AI tools and MT providers pick the appropriate Run projection based on the backend's tag-handling capability:

  • Commercial MT APIs (DeepL, Google, Amazon) — use RunsSemanticHTML. The API preserves the semantic HTML tags; the framework restores the native markup from each run's original Data.
  • LLM translation — use RunsPlaceholderText or RunsSemanticHTML depending on prompt strategy. The response is parsed back into a []Run by matching placeholder tags to the source runs.
  • TM matching — three-tier matching uses FlattenRuns, RunsStructuralText, and RunsGeneralizedText in order.
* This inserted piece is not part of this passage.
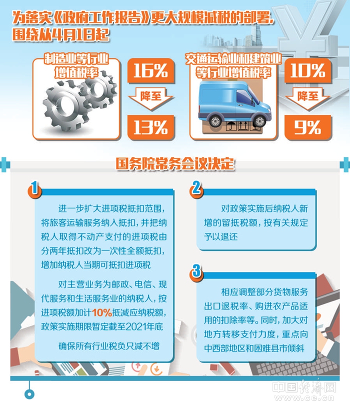日前,国务院常务会议明确增值税减税配套措施,部署落实《政府工作报告》更大规模减税。

Because structural keys use run IDs and not native markup, TM entries created from HTML match Markdown at the structural tier.

Consequences

  • Type dispatch via switch part.Type replaces instanceof; linters provide compile-time exhaustiveness.
  • Adding new resource types requires only a new PartType constant and a struct implementing Resource.
  • Tools that only handle Blocks ignore all other Part types via the BaseTool pass-through behavior (AD-006: Tool System).
  • The Part stream remains a single ordered channel; no fan-out complexity in the base pipeline.
  • Content-addressable identity enables incremental extraction and deduplication across documents.
  • Dynamic properties and annotations let tools and connectors carry metadata without content-model changes.
  • The semantic-type abstraction lets TM match across formats and lets AI prompts receive consistent inline-code representations.
  • Writers replay Run.Data verbatim, so roundtrip fidelity is a property of the model, not of each format's implementation.
  • Layers nest recursively with no special cases — embedded content is a first-class pipeline citizen.
  • The Run union (paired PcOpen/PcClose, self-closing Ph, structured Plural/Select) aligns with XLIFF 2.0's <pc>/<ph> model, making XLIFF serialization a natural mapping rather than a lossy conversion.
  • Segmentation, terminology, entities, and QA share one run-anchored stand-off overlay mechanism; segmentation never mutates content, so it is opt-in, multi-layered, and losslessly reversible.
  • Bilingual interchange formats that carry sentence segments (XLIFF 2.0 <segment>/<ignorable>, TMX) project to and from segmentation + alignment overlays at the reader/writer boundary — opt-in byte-faithful round-trip — without forcing segment structure into the content model.
  • Targets are first-class records keyed by a variant (locale plus optional tone/channel); committed translations carry status and provenance, candidate proposals stay as alt-translation annotations, and the variant axis extends beyond locale without ceremony at locale-only call sites.